Le calendrier s’accélère, les échéances se rapprochent. Les compagnies d’assurance doivent effectuer dès aujourd’hui les derniers choix structurants de modélisation et d’IT. Si elles préfèrent les remettre à plus tard, il leur sera difficile de justifier auprès du régulateur la stabilité attendue de leur dispositif. En outre, elles doivent envisager la réforme dans toute sa globalité et sa complexité afin de disposer d’une vision d’ensemble et de garantir la cohérence des dispositifs qu’elles élaborent. Elles seront alors à même de susciter la sensibilisation et l’adhésion du management, explicitement souhaitées par le régulateur. De manière globale, le marché français est en retard en termes d’avancement opérationnel par rapport aux marchés anglais, allemand ou suisse ; les différents acteurs ont maintenant deux ans pour mener à terme l’ensemble des chantiers, afin d‘obtenir la validation des dispositifs avant le 31 octobre 2012.

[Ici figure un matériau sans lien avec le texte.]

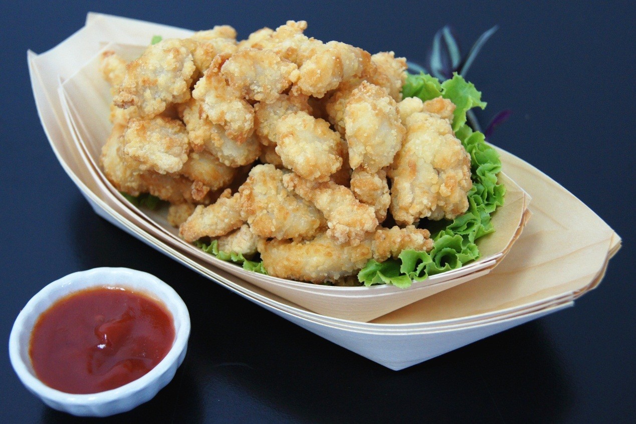 臺灣特色小吃,表面顆粒感外觀,外酥里嫩,顏色金黃,適用于工廠、快餐連鎖店內使用。

[7]“We didn’t realise the level of work in implementing the measures. Everyone understands the principles, but did not realise the level of detail needed to flesh these out. Getting the timing right is an important part of doing a good job with Solvency II – the industry needs to make sure the final product is as good as the founding principles” (Nous n’avons pas réalisé le travail à accomplir pour mettre en œuvre les mesures. Chacun comprend les principes mais personne n’est conscient du niveau de détail exigé. Respecter le calendrier est un élément important pour réussir un projet de type Solvabilité II – l’ensemble du secteur a besoin d’être sur que le produit final est aussi bon que les principes fondateurs). Déclaration le 7 octobre 2009 lors de la conférence Solvency II & risk management (Londres).